For the first nine months of the fiscal year, adjusted for inflation, sales and operating profit remained stable. Rising interest rates, on the other hand, are boosting the $2 billion piled up on the balance sheet since this time last year, so that the financial result is adding a providential $575 million to the bottom line.

As a result, earnings per share jumped from $5.7 to $6.5 compared with the same time last year, a remarkable 14% increase. As expected, and as permitted by its situation, Applied returned $3 billion to its shareholders over nine months, two-thirds of which via share buy-backs. I pointed out that for some time now, the Group has been buying back shares at rather high valuations.

Operating cash flow is down by one billion this year - for the time being at least - but we recall that the previous financial year was marked by accelerated inventory liquidations following the difficulties associated with the pandemic. These developments led to a sharp reduction in working capital requirements, which are now being normalized.

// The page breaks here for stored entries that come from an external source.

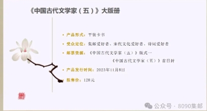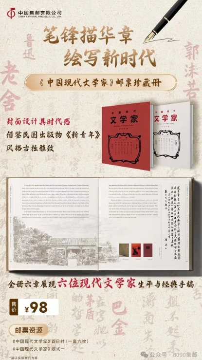 《中国现代文学家》邮票版票册揭晓 日期:2024-09-14 来源:8090集邮 中国邮政计划将在2024年10月15日发行《中国现代文学家》纪念邮票一套六枚,拟展现鲁迅、郭沫若、茅盾、巴金、老舍和曹禺六位文坛巨匠。随着发行时间临近,该套邮票的版票册正式揭晓: 对比去年发行的《中国古代文学家(五)》邮票版票册的售价: 各位感觉是版票枚数浓缩了,还是... ...
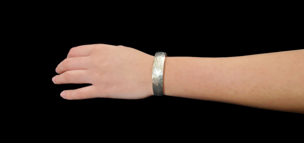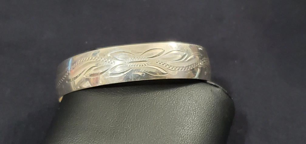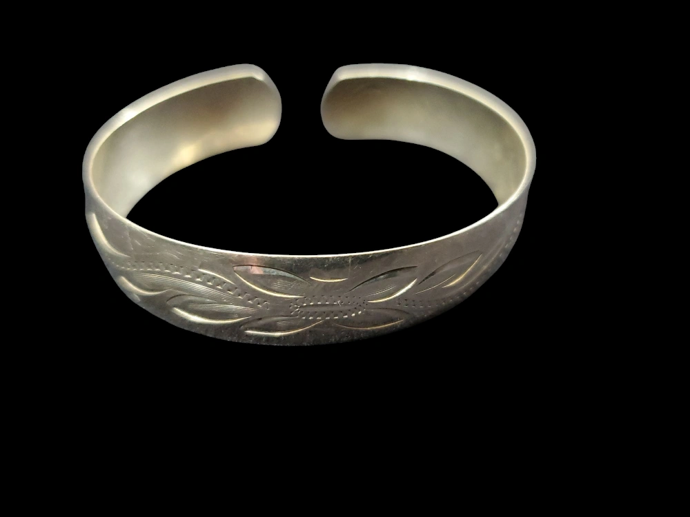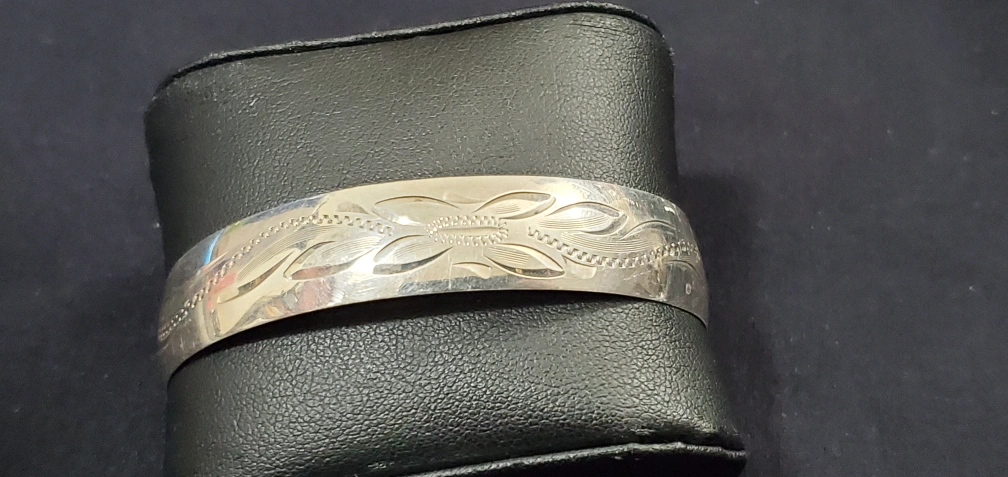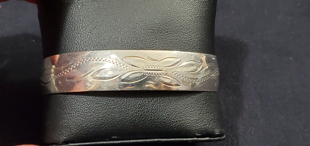 Beautiful sterling silver cuff bracelet. Features an engraved floral design. Simple, elegant design. Suitable for everyday wear.
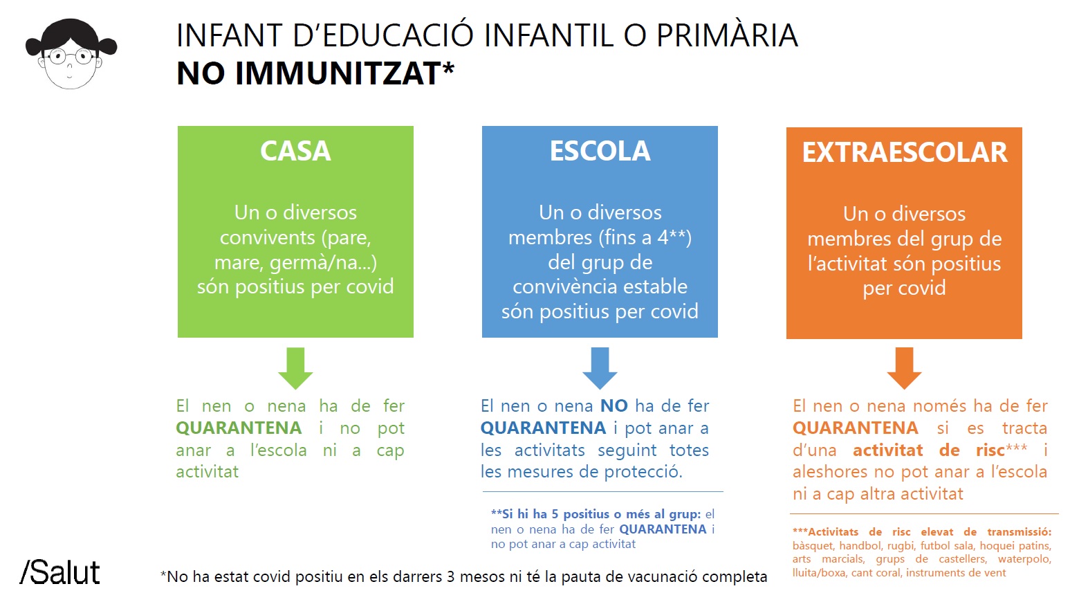 - Alumnes no immunitzats fan quarantena sempre que hi hagi un positiu a casa i quan hi hagi 5 o més al seu grup-classe.
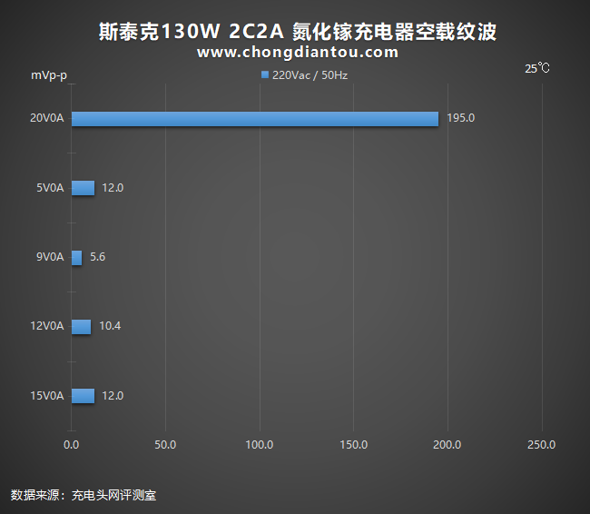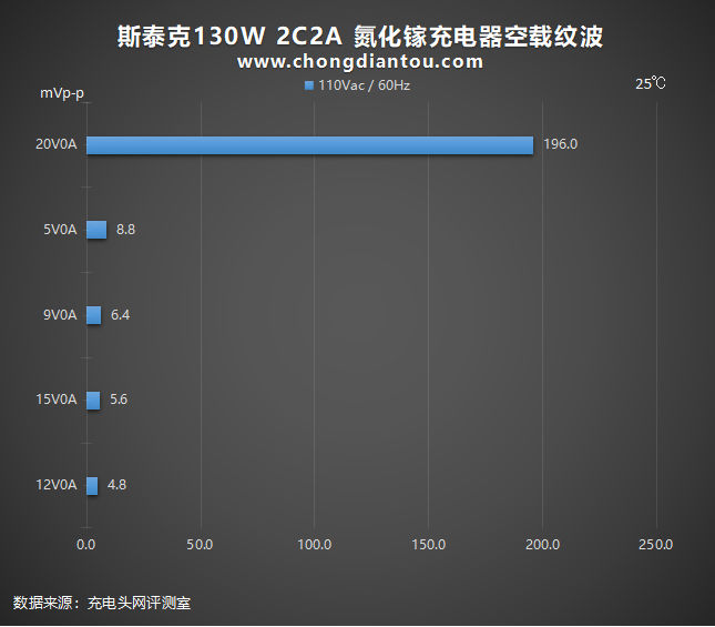 国家标准中充电器纹波要求是不高于200mVp-p,在110V 60Hz、240V 50Hz输入电压下,斯泰克130W 2C2A 氮化镓充电器所有输出功率纹波峰峰值虽然均低于200mVp-p这个标准,但在20V空载时接近200mVp-p。

The objective of reaching $6.5 billion in free cash flow by 2024 will a priori be achieved. This performance is to be welcomed, bearing in mind that the Group has historically reinvested half of its profits in its business, generally for an average return on investment of around 10%, before redistributing the other half to its shareholders.

This balanced capital allocation is only made possible by Applied's superior scale, and the oligopolistic situation of its sector. In this respect, value creation over the previous cycle is very clear - the equipment manufacturer eliminated its debt and doubled its profits - even if the parabolic expansion during the pandemic was due to a surge in speculative fever.

Notwithstanding exposure to the Chinese market - a critical one, since it accounts for 60% of global demand for semiconductors - the company's valuation is bouncing back towards its usual x25 earnings ceiling.